It is widely accepted that having a smoke alarm increases one’s chances of surviving a house fire by more than 50 percent.
Despite that, firefighters often go to calls where the residence either doesn’t have a detector at all or, perhaps worse, has at least one but with a dead battery.
Smoke detectors are inexpensive, usually less than $10 apiece, so there is really no excuse for not buying at least one.
Surely, one’s life and the life of a family are worth a sawbuck.
But if even that amount is too much for some, the city and county fire departments are trying to help them out.

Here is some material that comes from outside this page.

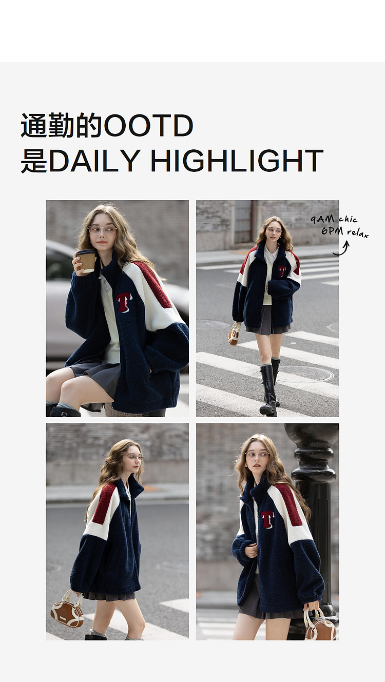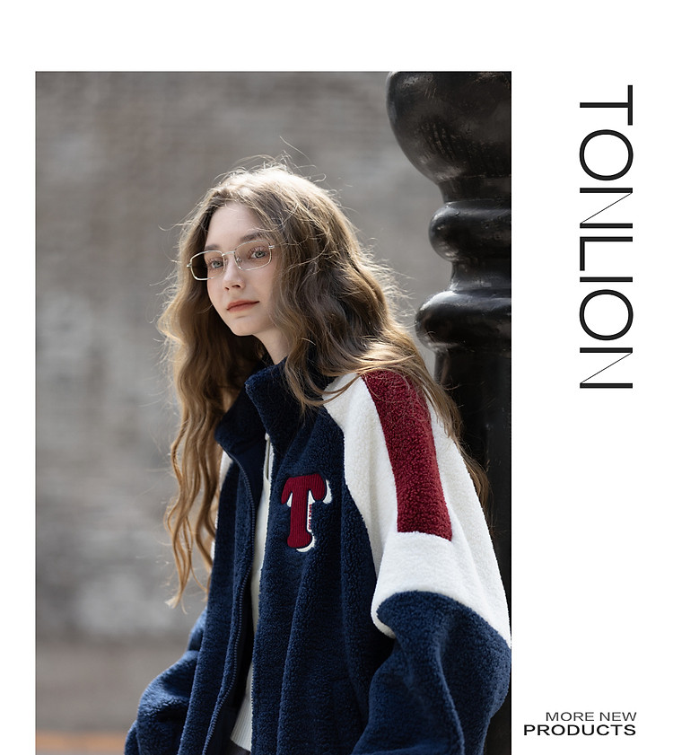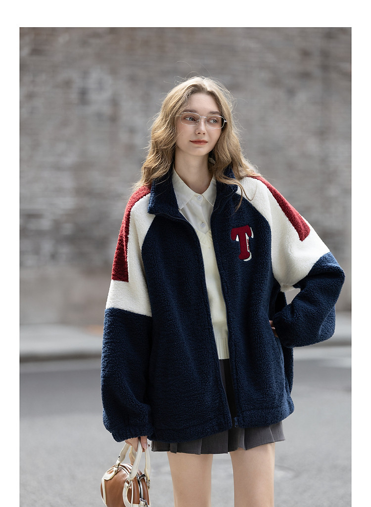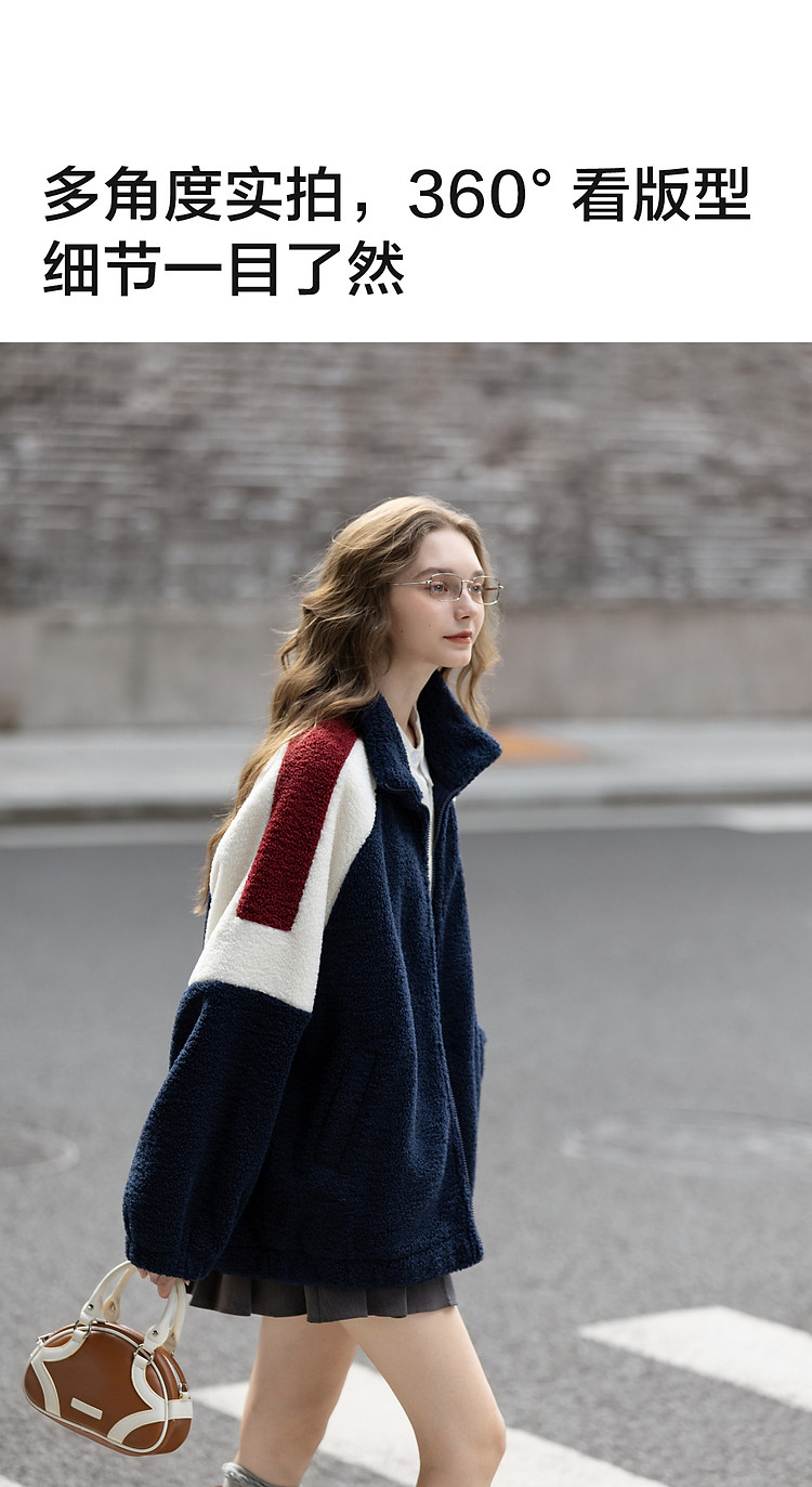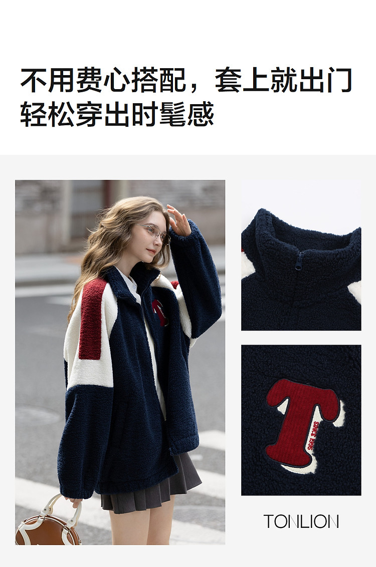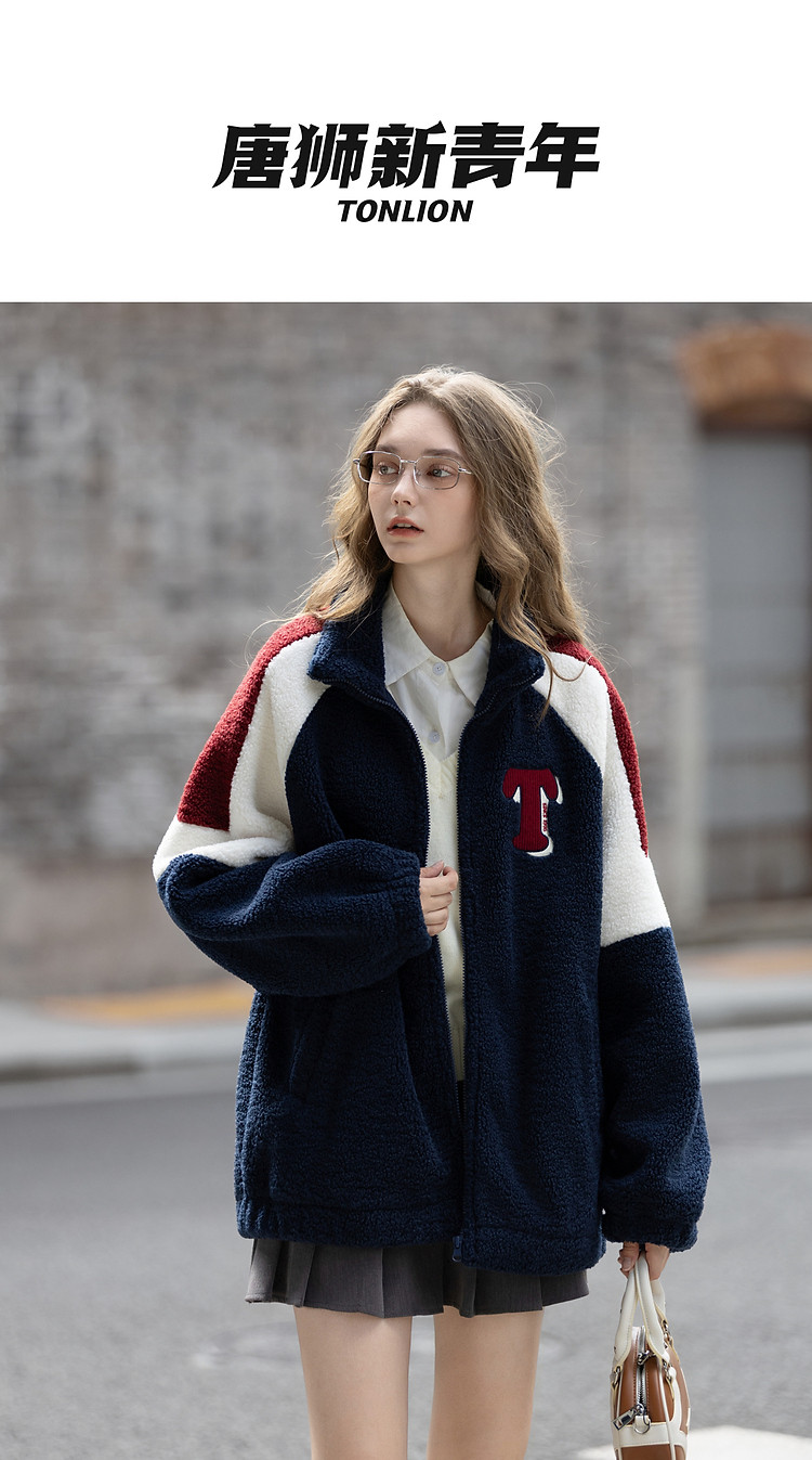 唐狮2026秋冬季仿羊羔毛外套女士休闲时尚女立领撞色拼接短款外套

The departments have received more than 200 smoke detectors that are being given away free on a first-come first-served basis, and firefighters are even installing them for people. The only real requirement is that the recipient own his or her home rather than rent but the focus is on homes with low-income residents, elderly, homes with children or with disabled persons.
Firefighters will even install the alarms for residents.
The detectors are bound to save lives.
For that matter, small fire extinguishers are also inexpensive and quite capable of stopping small blazes. Only slightly more expensive are weather radios, most under $20.
The newer models have battery backups in case the power goes off, can be set to alarm for only a specific local area also cut down on false alarms.
Then there is CodeRED, which alerts very specific small areas of impending severe weather, and it is free in our county.
For well under $100, one can be protected against fire, carbon monoxide and sudden severe weather.
There should be no excuse for anyone’s not taking advantage of these tools.
But for those for whom even no excuse won’t work, the fire department is to be praised for going out of is way to protect lives and property through this program.